Today, the company runs the world’s largest Kubernetes cluster. “We customized Kubernetes and built a modern system on top of it,” says Liu. “This entire ecosystem of Kubernetes plus our own optimizations have helped us save costs and time. We have greater data center efficiency, better managed resources, and smarter deployment with the Kubernetes platform.”
“Kubernetes helped us reduce the complexity of operations to make distributed systems stable and scalable. Most importantly, we can leverage Kubernetes for scheduling resources to reduce hardware costs. That’s the big win.”— HAIFENG LIU, CHIEF ARCHITECT AT JD.COM
The results are clear: Deployment time went from several hours to tens of seconds. Efficiency has improved by 20-30%, measured in IT costs. But perhaps the best indication of success was the annual Singles Day shopping event, which ran on the Kubernetes platform for the first time in 2018. Over 11 days, transaction volume on JD was $23 billion, and “our e-commerce platforms did great,” says Liu. “Infrastructure led the way to prep for 11.11. We took the approach of predicting volume, emulating the behavior of customers to prepare beforehand, and drilled for malfunctions. Because of Kubernetes’s scalability, we were able to handle an extremely high level of demand.”
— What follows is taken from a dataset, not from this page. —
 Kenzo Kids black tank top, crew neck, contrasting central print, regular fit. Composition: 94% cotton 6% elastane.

JD.com is now in its second stage with Kubernetes: The platform is already stable, scalable, and flexible, so the focus is on how to run things much more efficiently to further reduce costs. With the optimizations the team is working on with resource management, Liu believes there is the potential to save hundreds of millions of dollars a year.
“We run Kubernetes and container clusters on roughly tens of thousands of physical bare metal nodes,” he says. “Using Kubernetes and leveraging our own machine learning pipeline to predict how many resources we need for each application we use, and our own intelligent scaling algorithm, we can improve our resource usage. If we boost the resource usage, for example, by several percent, that means we can reduce huge hardware costs. Then we don’t need that many servers to get that same amount of workload. That can save us a lot of resources.”
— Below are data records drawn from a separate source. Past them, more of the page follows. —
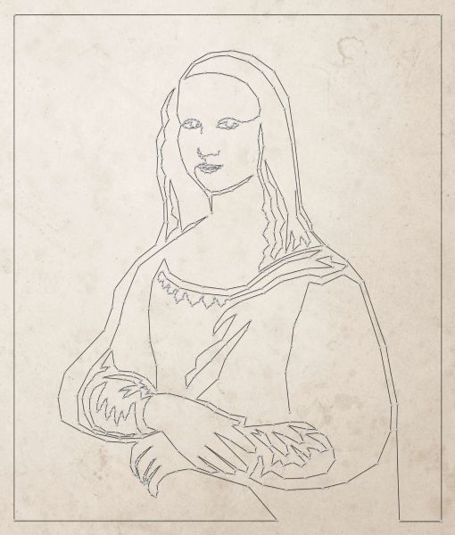 Het beroemde schilderij "Mona Lisa" op een prikbord. Een iconische glimlach gevangen in enkele lijnen, deze tekening verandert een wereldberoemd portret in een modern lijnenspel. Haal dit verfrissende design nu in huis!
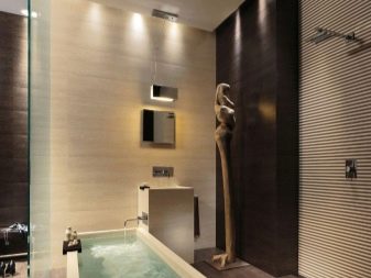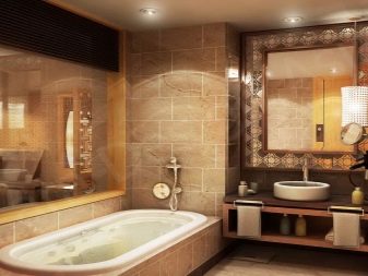تسود الراحة والاسترخاء والخصوصية في الحمام البيج. عند تزيين هذه الغرفة ، يجب أن يزين البيج أيضًا باقي العناصر الداخلية – وهذا سيخلق ديكورًا شاملاً وجذابًا. هناك طلب كبير على بلاط “الخيزران” – يتم وضع أشكال حجرية خضراء وصور لأوراق هذا النبات على قوالبه.
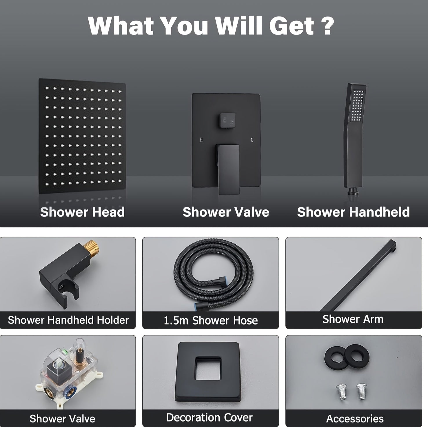 Shower Faucet Set, Copper Shower System with Rain Shower Head and Handheld, Wall Mount Oil Rubbed Finish,
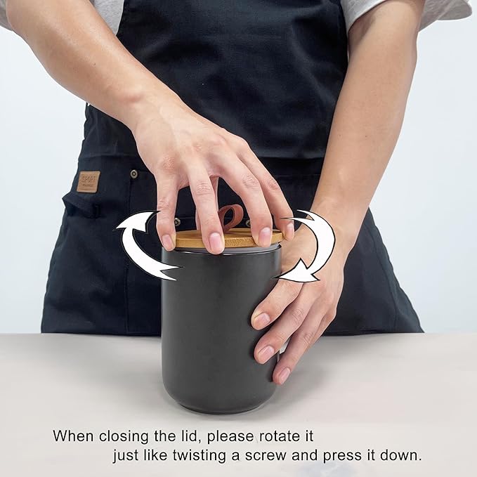 - Easy-to-Use Design - Screw the lid on tightly like a screw to remove air and improve sealing. Wide mouth allows for easy access to contents. The smooth glaze finish simplifies cleaning, and the ceramic jars are dishwasher safe for hassle-free maintenance. Hand washing is recommended for the bamboo lids.

“We customized Kubernetes and built a modern system on top of it. This entire ecosystem of Kubernetes plus our own optimizations have helped us save costs and time.”— HAIFENG LIU, CHIEF ARCHITECT AT JD.COM
JD.com, which won CNCF’s 2018 End User Award, is also using Helm, CNI, Harbor, and Vitess on its platform. JD developers have made considerable contributions to Vitess, the CNCF project for scalable MySQL cluster management, and the company hopes to donate its own project to CNCF in the near future. Community participation is a priority for JD. “We have a good partnership with this community,” says Liu. “We can share our successful experience with the community, and we also receive good feedback from others. So it’s mutually beneficial.”
To that end, Liu offers this advice for other companies considering adopting cloud native technology. “First you need to combine this technology with your own businesses, and the second is you need clear goals,” he says. “You cannot just use the technology because others are using it. You need to consider your own objectives.”
For JD’s objectives, these cloud native technologies have been an ideal fit with the company’s own homegrown innovation. “Kubernetes helped us reduce the complexity of operations to make distributed systems stable and scalable,” says Liu. “Most importantly, we can leverage Kubernetes for scheduling resources to reduce hardware costs. That’s the big win.”